1 Introduction

How many cities with more than 100,000 people lie within 200 kilometres of Paris, France? How many people in Swedish towns with less than 50,000 people earn less than 50% of the average income of people in Sweden? How much more CO2 will be emitted if I travel by plane from Gothenburg, Sweden, to Düsseldorf, Germany, compared to if I take the train? How can I see if a text contains plagiarism, i.e., if it copied some parts from another existing text? To answer questions like these, it is not enough to have the necessary information. We must organise that information in a way that allows us to find the answers in time to satisfy our needs.

Representing information is fundamental to computer science. The primary purpose of most computer programs is not to perform calculations, but to store and retrieve information – usually as fast as possible. For this reason, the study of data structures and the algorithms that manipulate them is at the heart of computer science. And that is what this book is about – helping you to understand how to structure information to support efficient processing.

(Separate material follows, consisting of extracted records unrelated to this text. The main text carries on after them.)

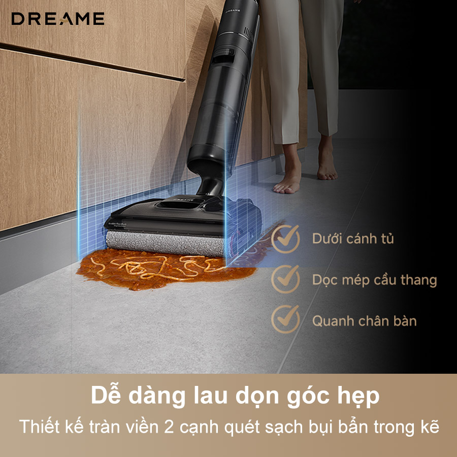Điểm khác biệt của máy hút bụi lau nhà cầm tay Dreame H12 Flexreach nằm ở thiết kế tràn viền hai cạnh, cho phép máy tiếp cận sát chân tường, khe hẹp hay các “điểm mù” mà những dong máy truyền thống thường bỏ sót
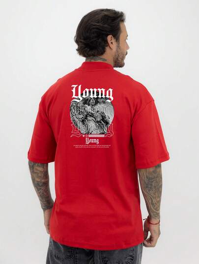 Oversized T-Shirt With High Neck And Print, Young Streetwear, Unisex Cotton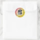 Um Quaker, George Fox, está no centro com as palavras Justiça, Simplicidade, Igualdade, Unidade, Paz são escritas em um círculo ao redor de George Fox.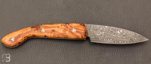 Couteau " Ariégeois " par la Coutellerie Savignac - Loupe d'olivier et Damasteel
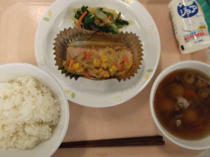 献立 ごはん 鮭のちゃんちゃん焼き 芋団子汁 白菜のぽん酢和え ジョア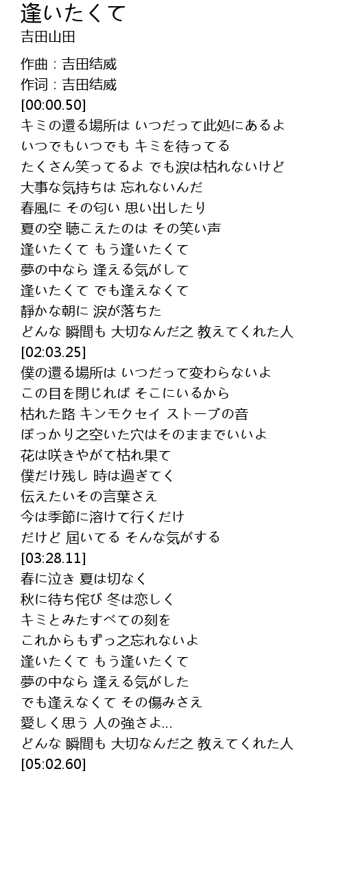| [04:20.94] | 逢いたくて もう逢いたくて |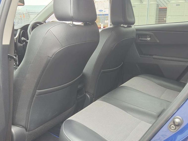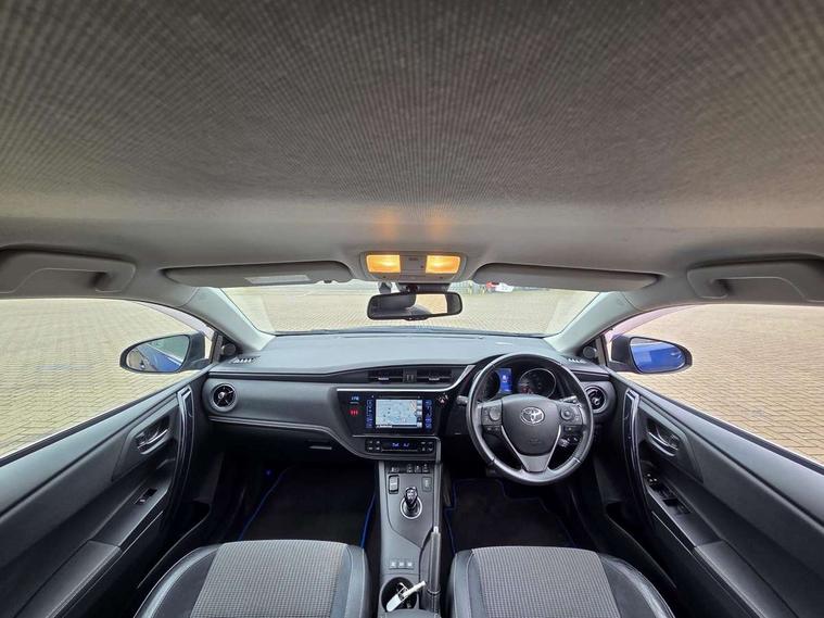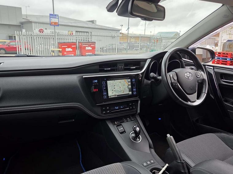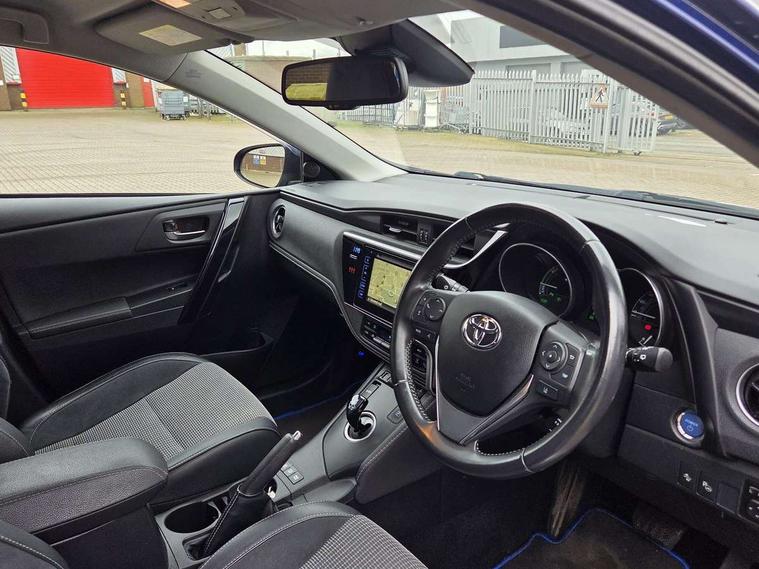 Cruise control, Forward collision warning, Intelligent parking assist, Lane departure warning system, PAS, Rear view camera, Touch 2 Go navigation system, 6 speakers, Bluetooth connectivity including audio streaming, DAB Digital radio, Radio/CD + MP3, USB/aux input socket, Auto dimming rear view mirror, Auto high beam, Body colour bumpers, Body colour door mirrors, Chrome bars on lower front grille, Chrome fog lamp bezel, Dusk sensor, Electric front windows, Electric rear windows, Electrically retractable door mirrors, Front fog lights, LED daytime running lights, LED Headlights, LED rear lights, Lower grille finisher - Piano black, Privacy glass, Rain sensor, Rear wiper, Drivers/passenger heated seats, Dual zone automatic air conditioning, Electric lumbar support, Front and rear headrests, Isofix child seat preparation, Leather gear knob, Leather steering wheel, Newport cloth/leather upholstery, Parking pack - Auris, 3x3 point rear seatbelts, ABS/EBD, Collision mitigation braking system, Driver/Front Passenger airbags, Drivers knee airbag, Emergency brake assist, Front and rear curtain airbags, Front lateral airbags, Hill start assist, Passenger airbag deactivate switch, Road sign information display, Seatbelt pretensioners and force limiters, Seatbelt warning, Vehicle stability control + traction control + brake assist, Smart entry + Smart start, Black instrument panel, Space saver spare wheel,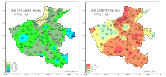 各地降水量为111.5毫米(获嘉)~566.4毫米(永城),与常年同期相比,除豫西大部和中东部局部略偏多2成以内外;其它地区降水偏少1~7成,其中豫北、豫东和豫南局部偏少5成以上(图4),武陟、辉县、博爱、修武、民权5站为建站以来同期最少值,焦作为次少值。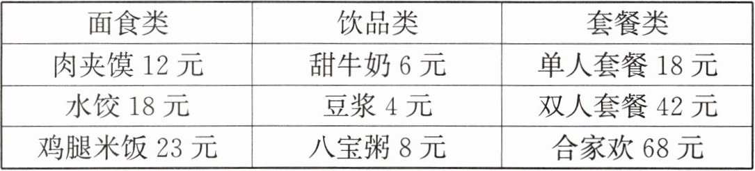 |水饺18元|豆浆4元|双人套餐42元|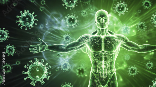 image depicts human figure surrounded by virus illustrations, representing immune system response to pathogens. vibrant green colors emphasize health and vitality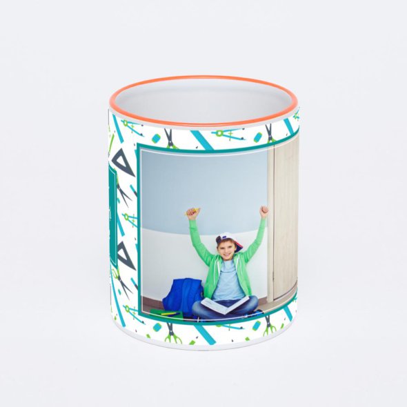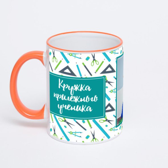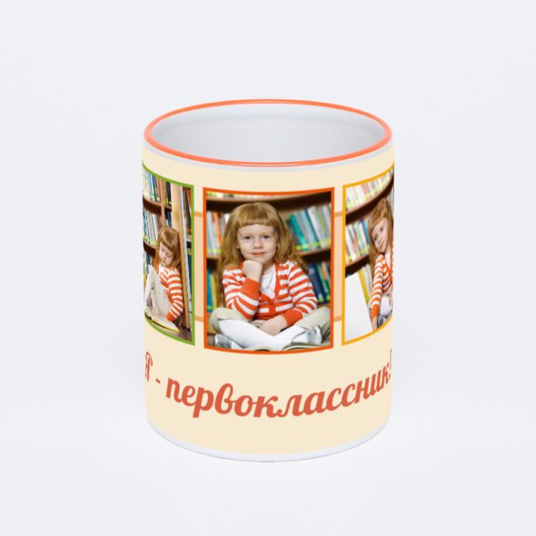 Керамическая кружка с оранжевой ручкой и ободком с нанесением изображения. Кружка с вашим изображением – это уникальный и качественный подарок. Создать её вы можете прямо сейчас в редакторе, добавляя фотографии, стикеры и надписи.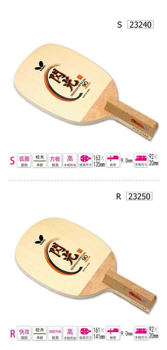 Butterfly蝴蝶23250 閃光SPECIAL90 單檜日式直拍底板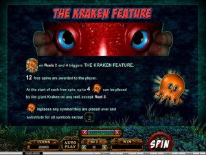 The feature awards 12 spins for free to the player. The Kraken that sits menacingly behind the reels will place as many as four wilds on the reels of the slot, at the beginning of each round. The only reel on which these wilds can’t be placed is the 3rd one.

Any course on data structures and algorithms will try to teach you about three things:

  1. It will present a collection of commonly used data structures and algorithms. These form a programmer’s basic “toolkit”. For many problems, some data structure or algorithm in the toolkit will provide a good solution. We focus on data structures and algorithms that have proven over time to be most useful.
  2. It will introduce the idea of tradeoffs, and reinforce the concept that there are costs and benefits associated with every data structure or algorithm. This is done by describing, for each data structure, the amount of space and time required for typical operations. For each algorithm, we examine the time required for key input types.
  3. It will teach you how to measure the effectiveness of a data structure or algorithm. Only through such measurement can you determine which data structure in your toolkit is most appropriate for a new problem. The techniques presented also allow you to judge the merits of new data structures that you or others might invent.

There are often many approaches to solving a problem. How do we choose between them? At the heart of computer program design are two (sometimes conflicting) goals:

  1. To design an algorithm that is easy to understand, code, and debug.
  2. To design an algorithm that makes efficient use of the computer’s resources.

Ideally, the resulting program is true to both of these goals. We might say that such a program is “elegant.” While the algorithms and program code examples presented here attempt to be elegant in this sense, it is not the purpose of this book to explicitly treat issues related to goal (1). These are primarily concerns for the discipline of Software Engineering. Rather, we mostly focus on issues relating to goal (2).

How do we measure efficiency? Our method for evaluating the efficiency of an algorithm or computer program is called asymptotic analysis. Asymptotic analysis also gives a way to define the inherent difficulty of a problem. Throughout the book we use asymptotic analysis techniques to estimate the time cost for every algorithm presented. This allows you to see how each algorithm compares to other algorithms for solving the same problem in terms of its efficiency.